An innovative lender like LoanNow might be your best option if you chose to go this route. That is because we are more likely to consider your entire financial profile, which may make it easier to be approved for an installment loan from a direct lender.
LoanNow is proud to set a new standard for the lending industry. By looking at the entire person, not just their credit score, we are able to offer installment loans tailored to every credit situation.
Whatever lender you choose, be absolutely sure that the lender reports back to credit bureaus. LoanNow shares all of your good payment history, helping you improve your credit score so that you can qualify for even better loan terms in the future. Many lenders, especially in the subprime space, don’t report to the credit bureaus. But remember, you’ll only benefit if they do.
Obtain a secured credit card
If you have no credit history or have made credit missteps in the past, you have some options to establish your credit profile. One of those options is a secured credit card that reports to all three major credit reporting agencies. A secured credit card requires a cash deposit that is used to establish the credit limit for the card. As you use the card, your credit limit decreases. As you make payments, your credit limit is replenished.
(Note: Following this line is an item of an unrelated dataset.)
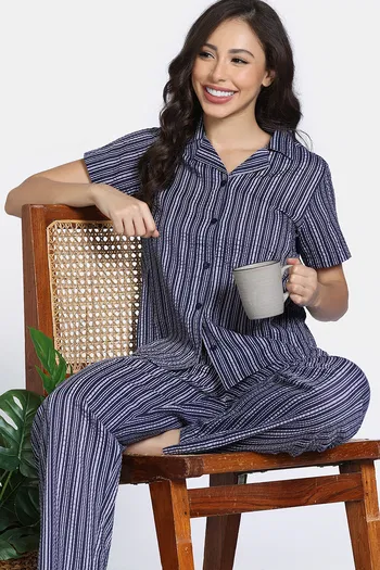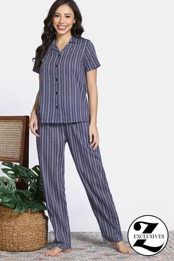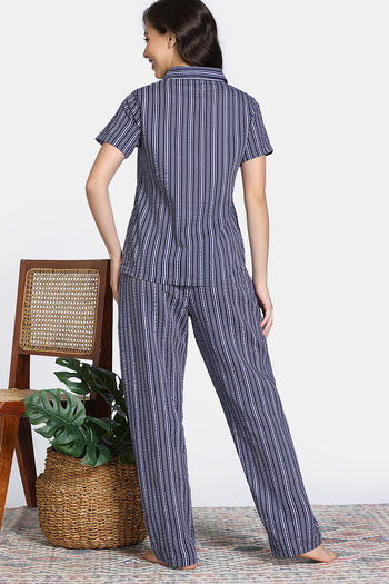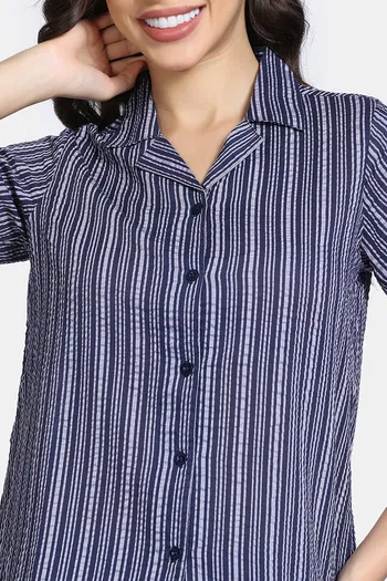 Zivame Woven Seersucker Sleep Pyjama Set - Parisian Night

Secured credit cards look like regular credit cards and operate like regular credit cards – merchants and creditors cannot tell the difference. However, do not confuse secured credit cards with prepaid cards, which operate like bank debit cards and which are not reported to credit reporting agencies.
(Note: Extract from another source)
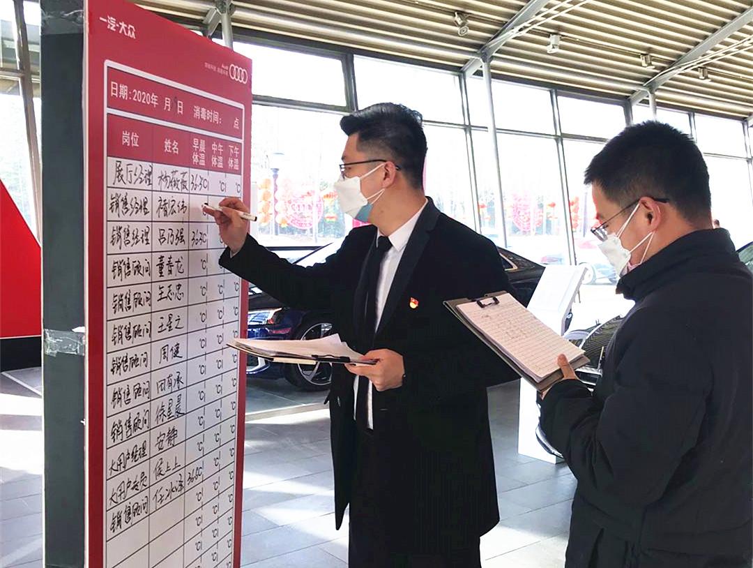 疫情防控,宣傳先行。新冠肺炎疫情發生以來,銀座汽車奧迪4S店市場經理劉林帶頭傳遞正能量,利用遠程電話會議開展疫情防控培訓,從疫情形勢到防控要求,從核心業務場景到防疫日常管理,全方位、多角度進行了系統講解,加快了一線工作人員對防控工作的認知和掌握。為給客戶提供一個放心安心舒心的看車環境,他超前謀劃,確定了防疫宣傳物料的設計方案,每一輛展車都懸掛了“車輛已消毒”的標識牌,每一個洽談桌都擺放了“此區域已消毒”的提示牌,還制作了工作人員體溫公示牌等,有效筑起基層“防護網”,打通疫情防控宣傳的“最后一米”。

Get a cosigner on an unsecured card
Don’t have the money for a secured card or just want to skip ahead to a regular one? Well then you’ll probably need a cosigner. Remember, your cosigner’s credit may be tarnished if you don’t use your card responsibly, so make your payments on time and don’t max out the card. If you’re looking for an installment loan and can’t find someone to co-sign the entire loan, try splitting the co-sign into pieces with LoanNow’s group-signing.
Become an authorized user
A family member or significant other may be willing to add you as an authorized user on his or her card. As an authorized user, you’ll enjoy access to a credit card and you’ll build credit history, but you aren’t legally obligated to pay for your charges. You’ll need to have the primary cardholder ask their issuer if authorized user activity is reported to the bureaus. It generally is, but you’ll want to make sure, otherwise your credit-building efforts will be a big waste of time.
Borrow from yourself
This is the easiest method to establish your own credit history without a credit card. Buy a Certificate of Deposit (CD) from a bank. Then take out a secured loan against the CD for the same amount of time. Put the money you borrowed in a high-yield checking account. Then use the money you borrowed to payback the secured loan. You’ll be establishing a credit history and earning interest on your checking account and CD. Of course, you’ll need some startup capital to do this.
Step 5: Be patient
Slow and steady wins the race!
If you’re building your credit profile for the first time, you should expect to see results within six months to a year. Rebounding from a credit setback may require two years. Unfortunately, it doesn’t take very long to destroy a good credit rating, but rebuilding one can take a very long time. Serious credit problems such as bankruptcy remain on your credit report for up to a decade, but their adverse effects fade with time. Creditors and lenders are much more concerned with your good payment record over the past year than with a bankruptcy 5 years ago. The key is to maintain a positive credit profile going forward.
So remember to be patient because building credit takes time, but it will happen as long as you’re making the right credit moves.